Provisioning a custom extension attribute to a SCIM compliant application

The SCIM Request for Comments (RFC) defines a core user and group schema, while also allowing for extensions to the schema to meet your application's needs. To add a custom attribute to a SCIM application:

  1. Sign in to the Microsoft Entra admin center as at least a Application Administrator.
  2. Browse to Identity > Applications > Enterprise applications.
  3. Select your application, and then select Provisioning.
  4. Under Mappings, select the object (user or group) for which you'd like to add a custom attribute.
  5. At the bottom of the page, select Show advanced options.
  6. Select Edit attribute list for AppName.
  7. At the bottom of the attribute list, enter information about the custom attribute in the fields provided. Then select Add Attribute.

For SCIM applications, the attribute name must follow the pattern shown in the example. The "CustomExtensionName" and "CustomAttribute" can be customized per your application's requirements, for example: urn:ietf:params:scim:schemas:extension:CustomExtensionName:2.0:User:CustomAttribute

These instructions are only applicable to SCIM-enabled applications. Applications such as ServiceNow and Salesforce aren't integrated with Microsoft Entra ID using SCIM, and therefore they don't require this specific namespace when adding a custom attribute.

Custom attributes can't be referential attributes, multi-value, or complex-typed attributes. Custom multi-value and complex-typed extension attributes are currently supported only for applications in the gallery. The custom extension schema header is omitted in the example because it isn't sent in requests from the Microsoft Entra SCIM client.
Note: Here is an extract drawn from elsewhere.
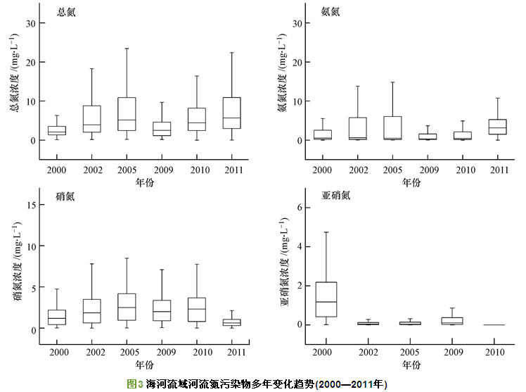 2000—2011年,海河流域河流水體中TN、NH4+-N、NO3--N、NO2--N多年變化趨勢(shì)見(jiàn)圖 3.2000年至2005年TN濃度逐漸升高,在2005年達(dá)到一個(gè)峰值為8.99 mg · L-1,2009年明顯下降,2009—2011年又逐漸升高,在2011年達(dá)到另一個(gè)峰值為7.92 mg · L-1;TN平均濃度最高為2005年的8.99 mg · L-1,最低為2000年的3.34 mg · L-1.NH4+-N濃度變化整體上呈現(xiàn)出與TN濃度變化相似的變化趨勢(shì),在2005年和2011年達(dá)到峰值,濃度分別為5.46 mg · L-1和4.25mg · L-1,NH4+-N濃度最低為2000年的2.67 mg · L-1.2002—2010年,海河流域河流水體中NO3--N濃度基本保持穩(wěn)定,2011年濃度最低,平均濃度為1.34 mg · L-1,2005年濃度最高,平均濃度為2.89 mg · L-1.NO2--N濃度呈現(xiàn)隨年份顯著降低的趨勢(shì),最高為2000年的1.76 mg · L-1.從氮素多年變化趨勢(shì)來(lái)看,NH4+-N仍然是TN的主要貢獻(xiàn)者,也是造成海河流域氮污染嚴(yán)重的關(guān)鍵因子.

Example representation of a user with an extension attribute:

{
  "schemas":[
    "urn:ietf:params:scim:schemas:core:2.0:User",
      "urn:ietf:params:scim:schemas:extension:enterprise:2.0:User"
  ],
  "userName":"bjensen",
  "id": "48af03ac28ad4fb88478",
  "externalId":"bjensen",
  "name":{
    "formatted":"Ms. Barbara J Jensen III",
    "familyName":"Jensen",
    "givenName":"Barbara"
  },
  "urn:ietf:params:scim:schemas:extension:enterprise:2.0:User": {
    "employeeNumber": "701984",
    "costCenter": "4130",
    "organization": "Universal Studios",
    "division": "Theme Park",
    "department": "Tour Operations",
    "manager": {
      "value": "26118915-6090-4610-87e4-49d8ca9f808d",
      "$ref": "../Users/26118915-6090-4610-87e4-49d8ca9f808d",
      "displayName": "John Smith"
    }
  },
  "urn:ietf:params:scim:schemas:extension:CustomExtensionName:2.0:User": {
    "CustomAttribute": "701984",
  },
  "meta": {
    "resourceType": "User",
    "created": "2010-01-23T04:56:22Z",
    "lastModified": "2011-05-13T04:42:34Z",
    "version": "W\/\"3694e05e9dff591\"",
    "location": "https://example.com/v2/Users/2819c223-7f76-453a-919d-413861904646"
  }
}

Provisioning a role to a SCIM app

Use the steps in the example to provision application roles for a user to your application. The description is specific to custom SCIM applications. For gallery applications such as Salesforce and ServiceNow, use the predefined role mappings. The bullets describe how to transform the AppRoleAssignments attribute to the format your application expects.

  • Mapping an appRoleAssignment in Microsoft Entra ID to a role in your application requires that you transform the attribute using an expression. The appRoleAssignment attribute shouldn't be mapped directly to a role attribute without using an expression to parse the role details.

Note

When provisioning roles from enterprise applications, the SCIM standard defines enterprise user role attributes differently. For more information, see Develop and plan provisioning for a SCIM endpoint in Microsoft Entra ID.

SingleAppRoleAssignment

When to use: Use the SingleAppRoleAssignment expression to provision a single role for a user and to specify the primary role.

How to configure: Use the steps described to navigate to the attribute mappings page and use the SingleAppRoleAssignment expression to map to the roles attribute. There are three role attributes to choose from (roles[primary eq "True"].display, roles[primary eq "True"].type, and roles[primary eq "True"].value). You can choose to include any or all of the role attributes in your mappings. If you would like to include more than one, just add a new mapping and include it as the target attribute.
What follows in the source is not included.